Mobile phones have multiple antennas, sometimes up to 13 different ones. A minimum of four antennas are present in every smartphone today, including GPS, Bluetooth, Wi-Fi and cellular. Conversely, IoT (Internet of Things) devices are considerably smaller than cell phones and only contain one or two antennas.

IoT devices, like broadcast chips in store products or tags for livestock, pose a challenge due to their size. The size restrictions have made researchers wonder how much smaller they can make an antenna that functions well. The simple answer is the antenna size is optimum at half a wavelength, but you can probably go as small as a quarter wavelength and still get a decent functioning antenna.

Additional tricks manufacturers can implement to shrink antenna size include zigzagging the antenna’s trace on a circuit board, or utilizing the ground plane of a board or gadget cover.
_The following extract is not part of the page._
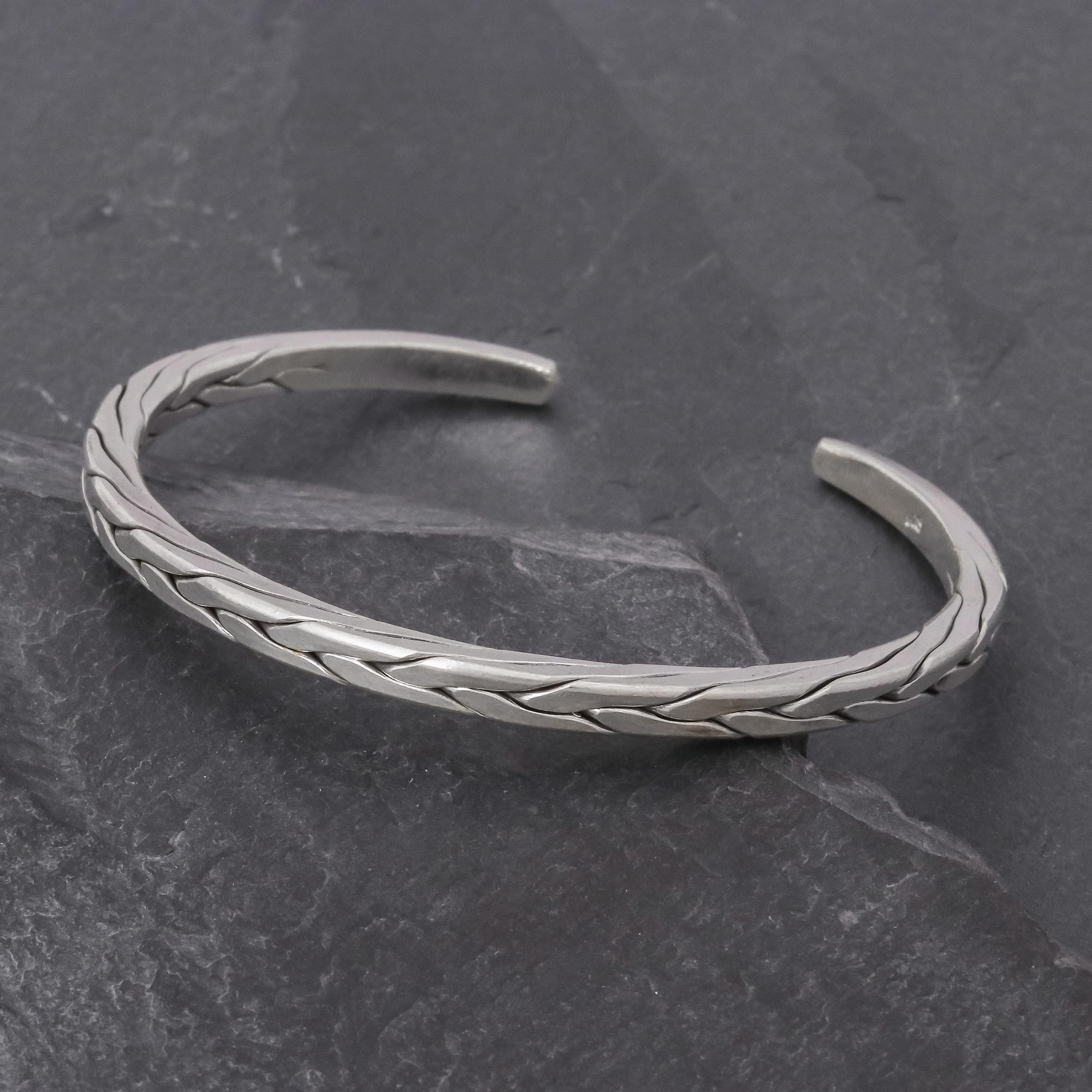 Sleek Braided Sterling Silver Cuff Bracelet, 'Mountain Walk'
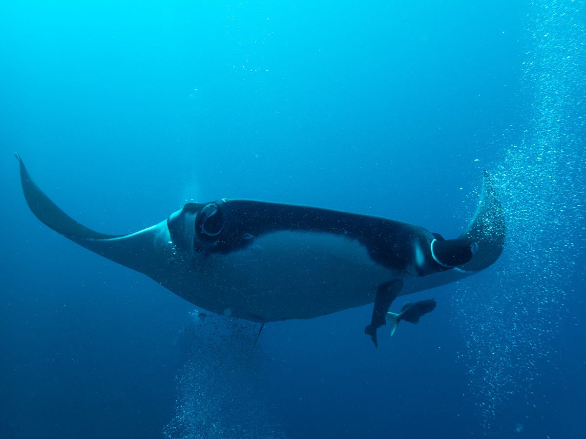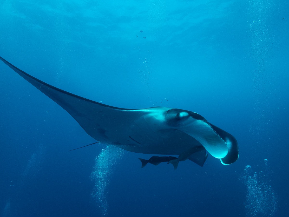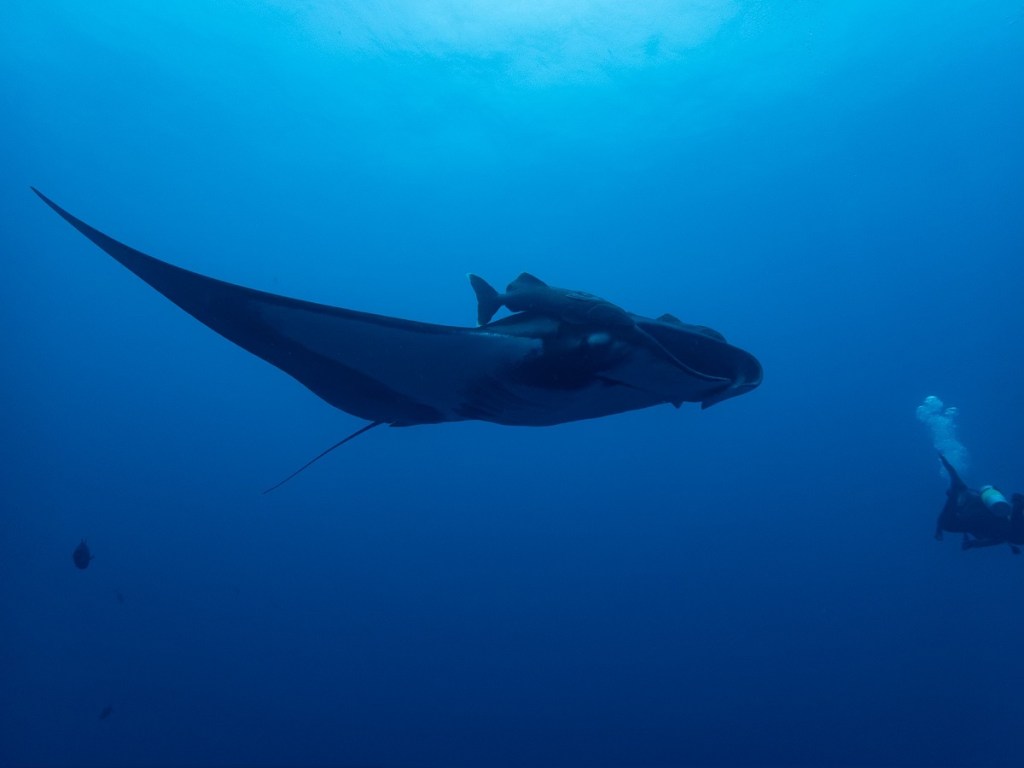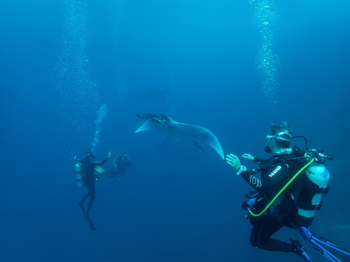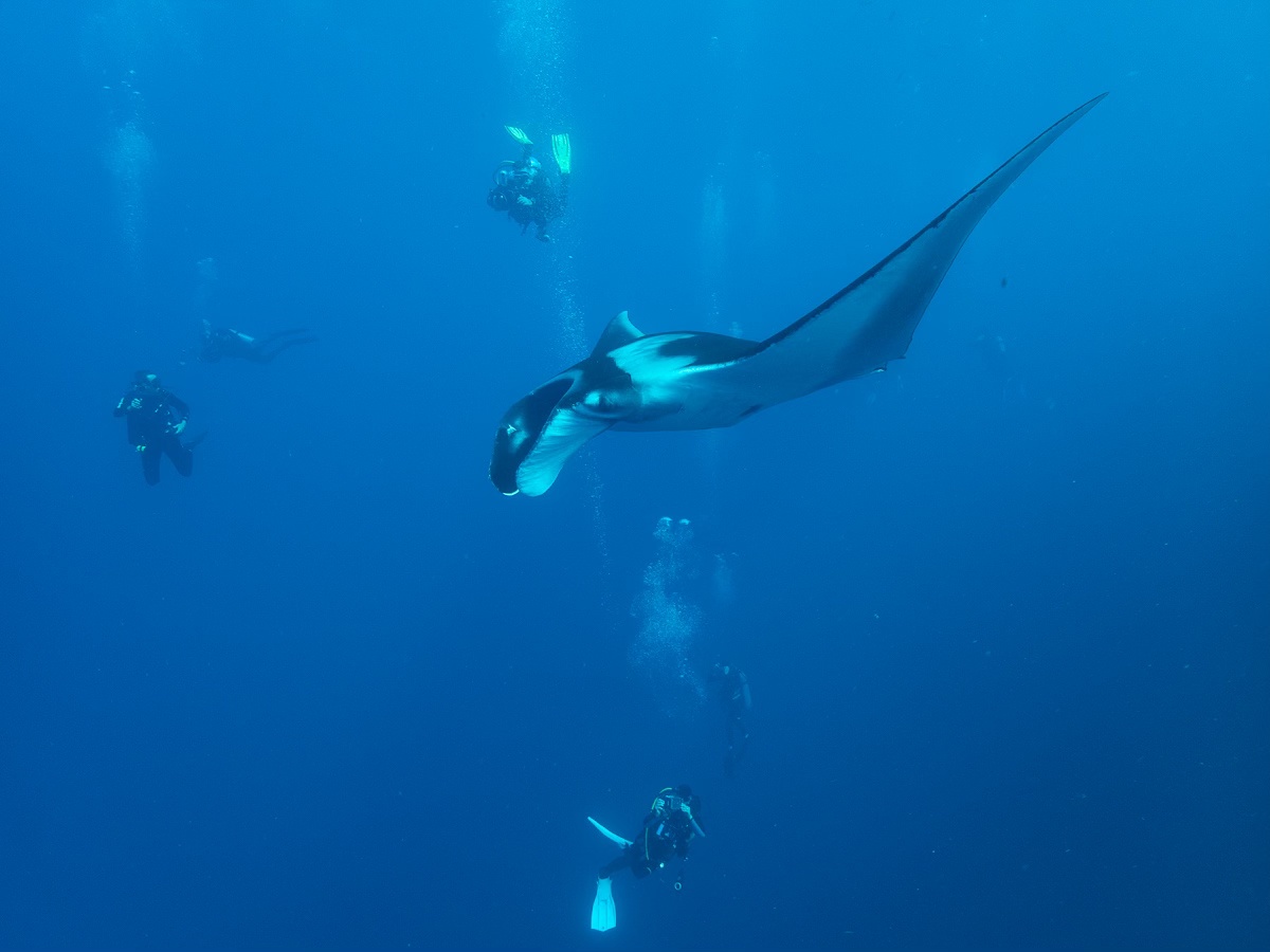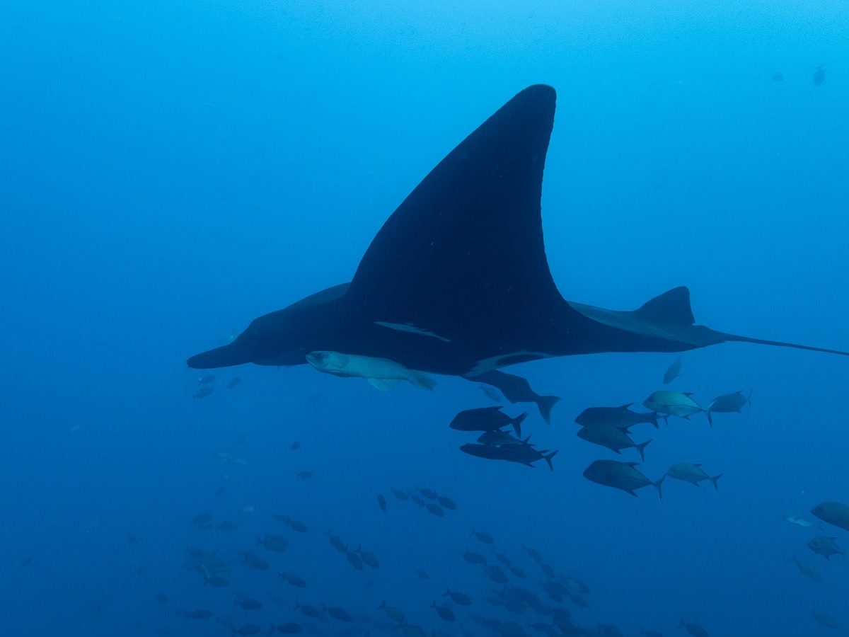 #1 Quelques requins marteaux en surface, 3/4 raies manta passent autour de nous avant d’aller à la station de nettoyage voisine. Elles ralentissent pour nous regarder, c’est impressionnant et même touchant.

These strategies allow you to produce smaller antennas, while receiving performance close to quarter wavelength-sized antennas.
Going smaller than a quarter wavelength for an antenna will cause the strength of the signal to be reduced in accordance to the antenna’s area and the frequency bandwidth will be narrower.

Two rules can help determine the wavelengths of these radio bands:

1. A radio signal with a 1 GHZ frequency has a wavelength of 12 inches.

2. The frequency and wavelength are inversely related. As the wavelength decreases the frequency increases. For instance, a wavelength of six inches will be associated with a frequency of 2 GHz.

In general, radio frequencies vary between 88 MHz (FM radio) and 6 GHz (high-speed Wi-Fi band) if we discount NFC frequency. The frequencies used in smartphones typically range between 800 MHz and 5.5 GHz. This means mobile phones have wavelengths from just over two inches to about 15 inches. At this range, a quarter of a wavelength will be between half an inch to approximately four inches. This implies the only frequency that fits well for an average mobile device is a 5.5 GHz band. Most other antennas crammed in such a limited space will not work as efficiently as they could otherwise. FM radios emit a wavelength of approximately 10 feet so a tiny antenna will perform horribly. Fortunately, the majority of commercial radio stations sound out around 100kW.

Antenna Performance
Although the coverage area of an IoT device is restricted by its size, it is not a dramatic restriction like a factor of five, in usable range. This is because of radio signal drop offs at the fourth power of the separation distance due to signal fluctuation or blockage and from the delay spreads caused by numerous reflections in an area. Dropping half of radiated power due to small size of an antenna might only lead to a 15 to 30% drop in usable range.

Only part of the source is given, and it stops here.